Big Data Challenge (Big Brother)

In contrast to my chaotic nature, the dalaos divide each link into a file when they do the game, so that it looks good or it can be changed, divided into the following steps:

1. Data processing

2. Feature selection

3. Tuning

4. Model fusion

5. Treatment of overfitting

When doing feature extraction, 12 types of features were extracted from the data that can be extracted, and a total of more than 100 features were extracted... Maybe this is the gap between me and the big guy.

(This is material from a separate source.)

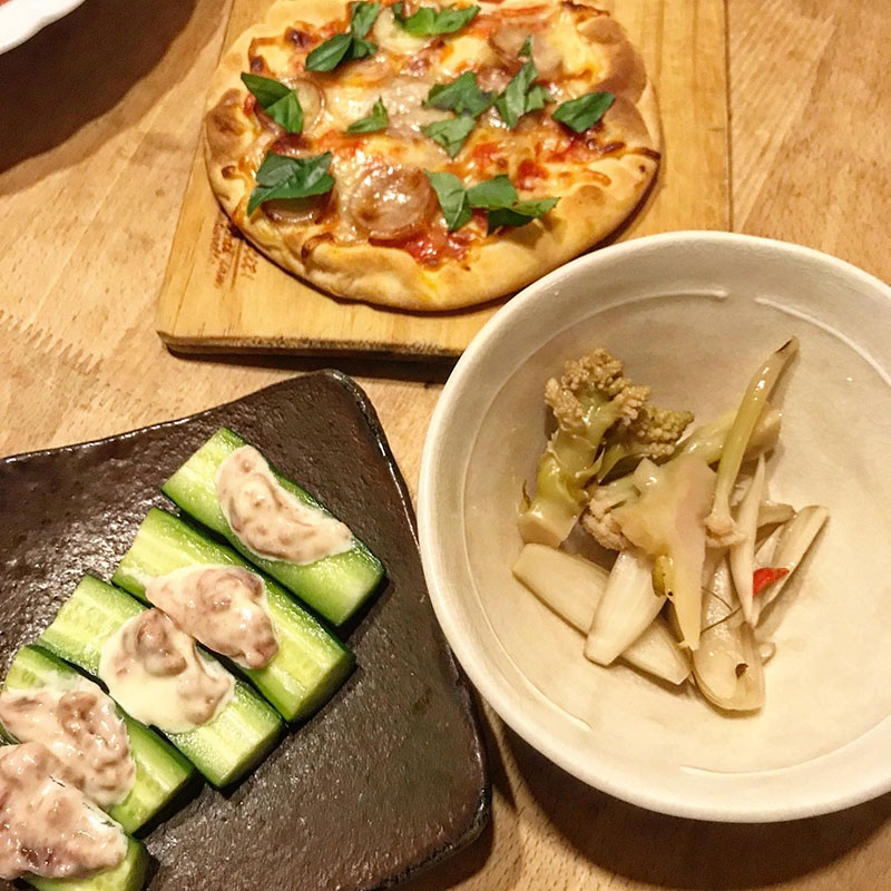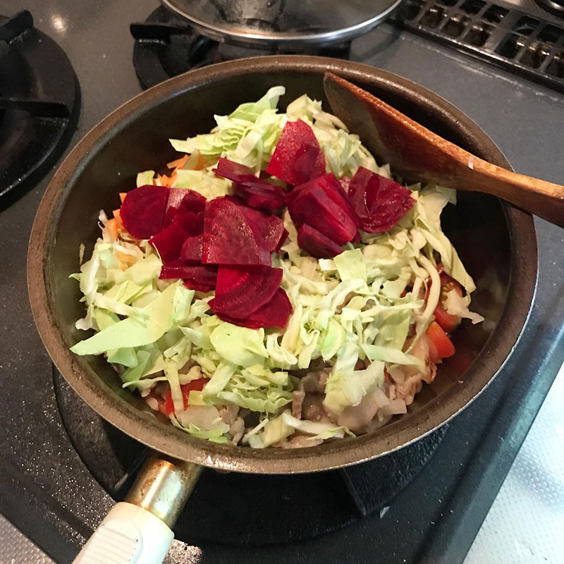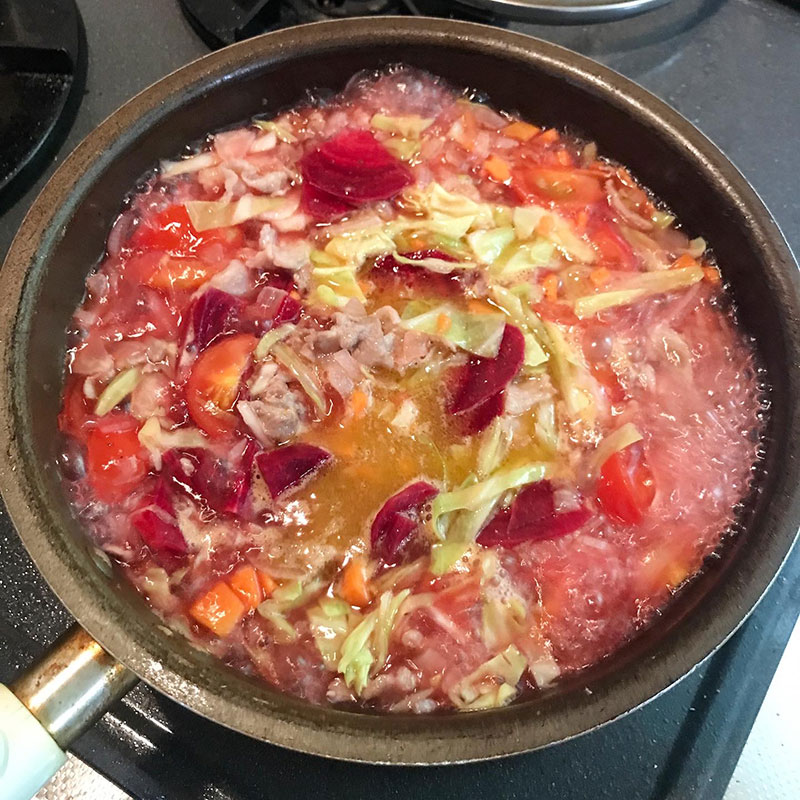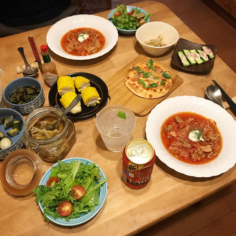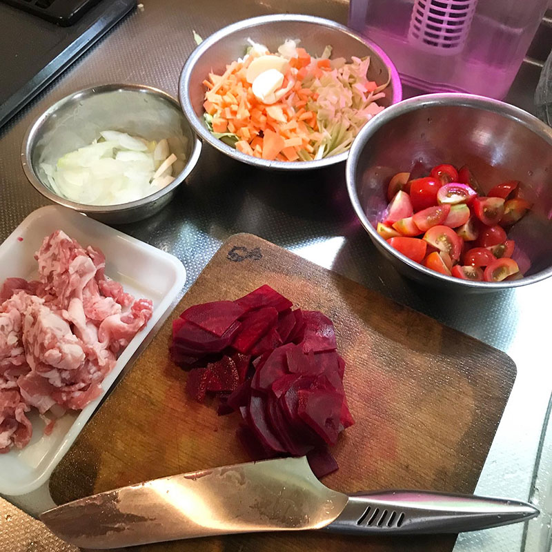 居酒屋我家、開店。今宵のメインは畑で育てたビーツで作ったボルシチ。美味しく食べるためにサワークリーム買ってきた。

This is the code for feature extraction:

# -*- coding: utf-8 -*-
"""

Created on Sat Jul  8 10:45:13 2017
@author: Yang
E-mail: [email protected]
"""
#运行时间 30min
import pandas as pd
import numpy as np

#from sklearn.externals.joblib import Parallel, delayed
import os
import warnings
import json
warnings.filterwarnings("ignore")

#原始数据处理
def data_process(data):
    data['point'] = data['point'].apply(lambda x:[list(map(float,point.split(','))) for point in x.split(';')[:-1]])
    data['target'] = data['target'].apply(lambda x: list(map(float,x.split(","))))
    # 提取 x坐标 y坐标 t 目标点x坐标 目标点y坐标
    df = pd.DataFrame()
    df['x'] = data['point'].apply(lambda x:np.array(x)[:,0])
    df['y'] = data['point'].apply(lambda x:np.array(x)[:,1])
    df['t'] = data['point'].apply(lambda x:np.array(x)[:,2])
    df['target_x'] = np.array(data['target'].tolist())[:,0]
    df['target_y'] = np.array(data['target'].tolist())[:, 1]

    return df

#差分处理
def data_diff(data, name_list):
    for name in name_list:
        data['diff_'+name] = data[name].apply(lambda x: pd.Series(x).diff().dropna().tolist())
        data['diff_'_name] = data['diff_'+name].apply(lambda x: [0] if x==[] else x)#!!注意 一个点的情况
    return data

#获取距离数据
def get_dist(data):
    dist_target = []
    dist = []
    dist_x_target = []
    dist_y_target = []

    # 各点与目标点的距离
    for x,y,target_x, target_y in zip(data['x'],data['y'],data['target_x'],data['target_y']):
        dist_target.append(np.sqrt((x-target_x)**2 + (y-target_y)**2))
    #两点之间的距离
    for x,y in zip(data['diff_x'], data['diff_y']):
        dist.append(np.sqrt(np.array(x)**2+np.array(y)**2))
    #各点x坐标与目标点x坐标的距离
    for x,target_x in zip(data['x'], data['target_x']):
        dist_x_target.append(np.sqrt((x-target_x)**2))

    #各点y坐标与目标点y坐标的距离
    for y,target_y in zip(data['y'], data['target_y']):
        dist_y_target.append(np.sqrt((y-target_y)**2))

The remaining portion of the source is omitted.